Book Review: Octavia Butler’s Parable of the Sower
Octavia E. Butler’s Parable of the Sower (1993) paints a picture of a dystopian reality that feels frighteningly current, quickly approaching, and nearly impossible to stop in our current trajectory. Over three decades ago, Butler told the story of a nightmarish, post-apocalyptic world set in current-day (2024-2027) California. Society as we know it has crumbled, and yet, none of it feels far off from what we’re already seeing in the world today. The book centers around Lauren, a 15-year-old preacher’s daughter creating her own religion as a means of navigating a society plagued by food and water scarcity, natural disasters, and new drugs that can boost the capacity and productivity of the mind, or leave victims with a craving only satisfied by fire, destruction, and violence. The image Butler creates is one I’ve seen snippets of in my own little community in rural Maine, where high rent prices and low paying jobs, and the resulting homeless population, drug addiction, and high tensions created by an extremely oppositional political climate, have created an “everyone for themselves” mentality. While the bulk of the population may not yet be at the point of either living in community-based, gated communities who can barely afford clean water, or on the streets killing and stealing to survive, it’s a reality that doesn’t seem as distant as one would hope when reading this horror-filled, science fiction novel. The main character’s thoughts and beliefs are based in the sentiment that “God is Change.” Everything you do affects the world around you, everything around you affects you, and our purpose is to make positive, society-improving change. The book is highly focused on empathy for other living things, and the message that a self-indulgent society will ultimately only kill itself.

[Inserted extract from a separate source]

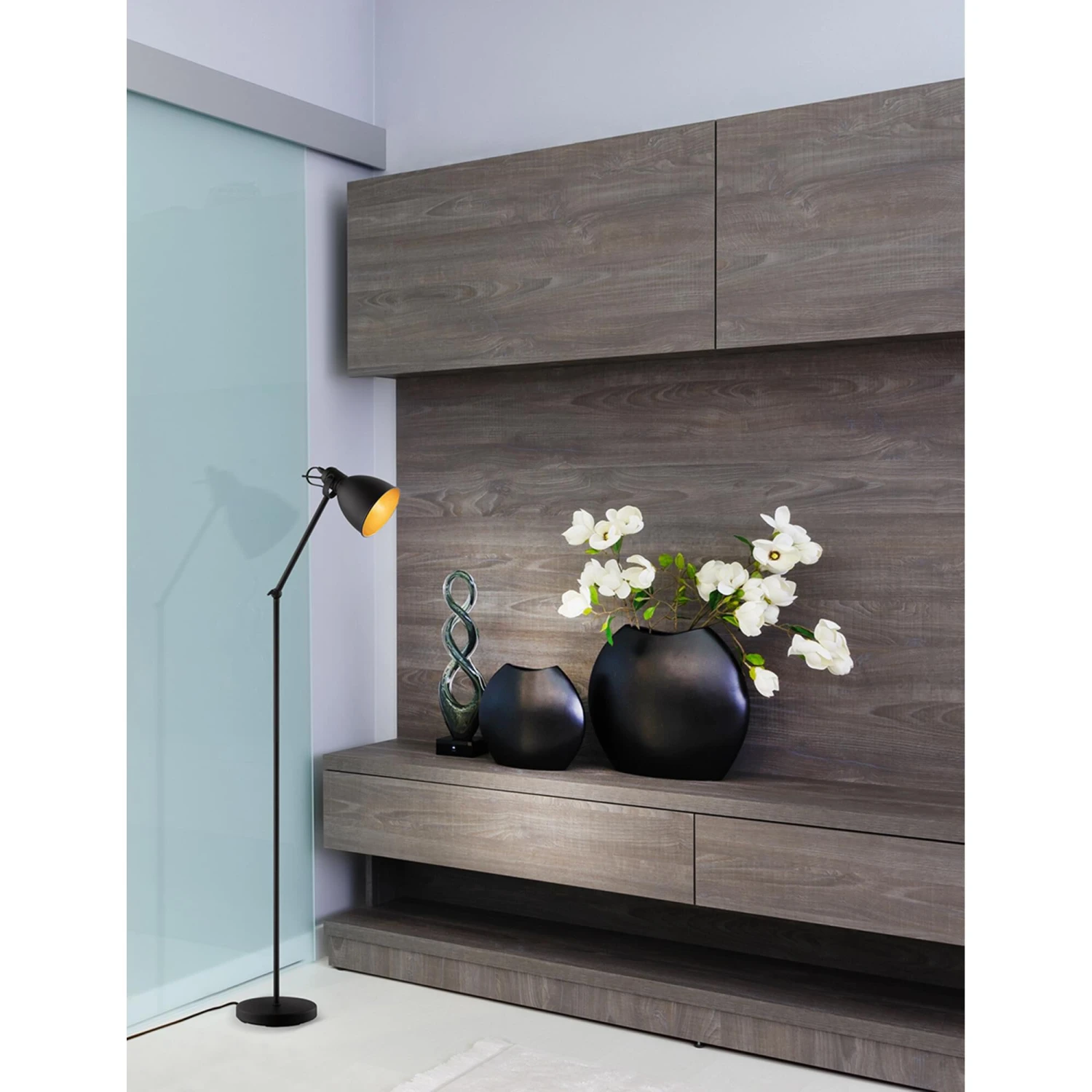 Eglo’s Priddy 2 Family is luxuriously modern in style. This 1-bulb floorlamp in black finish features a circular base, adjustable arm, and shade with gold interior.With its sleek design and style, the floor lamp will complement the interior decor of the roomwhile adding stylish lighting. Great for bedroom, office, living room, game room, etc.

There isn’t a moment in Parable of the Sower that feels gratuitous. Butler writes in a way that leaves you constantly wanting more– not through artificial cliffhangers, but through a genuinely compelling story. Although we learn about characters solely through Lauren’s eyes, specifically in the format of journal entries, each one of them feels like a person I have encountered before. Butler’s details bring people to life. You can easily visualize them, feel their energy, and almost hear their voice. For a writer who so effortlessly creates moments of familiarity and warmth, she just as easily creates moments of brutality. She is able to do so in a way that doesn’t necessarily feel shocking, but instead like an unfortunate, yet expected, dose of reality. Life is brutal. Death occurs without warning, the glass is often half-empty, and the worst does happen for absolutely no reason at all. She beautifully creates instances of hope, and subsequently crushes them. At times it felt like cruelty just for cruelty’s sake, an unfortunate reflection of the ugliness of humanity.
Overall, Parable of the Sower somehow left me with both a feeling of satisfaction and deep unease. Entries in Lauren’s journal often began with verses that felt as though they were speaking directly to current world affairs. One in particular, found on page 196, stood out to me:
“Embrace diversity.
Unite—
Or be divided,
robbed,
ruled,
killed
By those who see you as prey.
Embrace diversity
Or be destroyed.”
In a country whose leadership detests diversity, and with a portion of society who follows suit, this is a message that needs to be spread far and wide. Division will result in destruction. It’s only a matter of time before each and every one of us becomes prey. Despite any privilege based on race, religion, gender identity, nationality, class, and upbringing, we all will fall prey to the few elite powers who can, and will, pick us off one-by-one if we remain divided.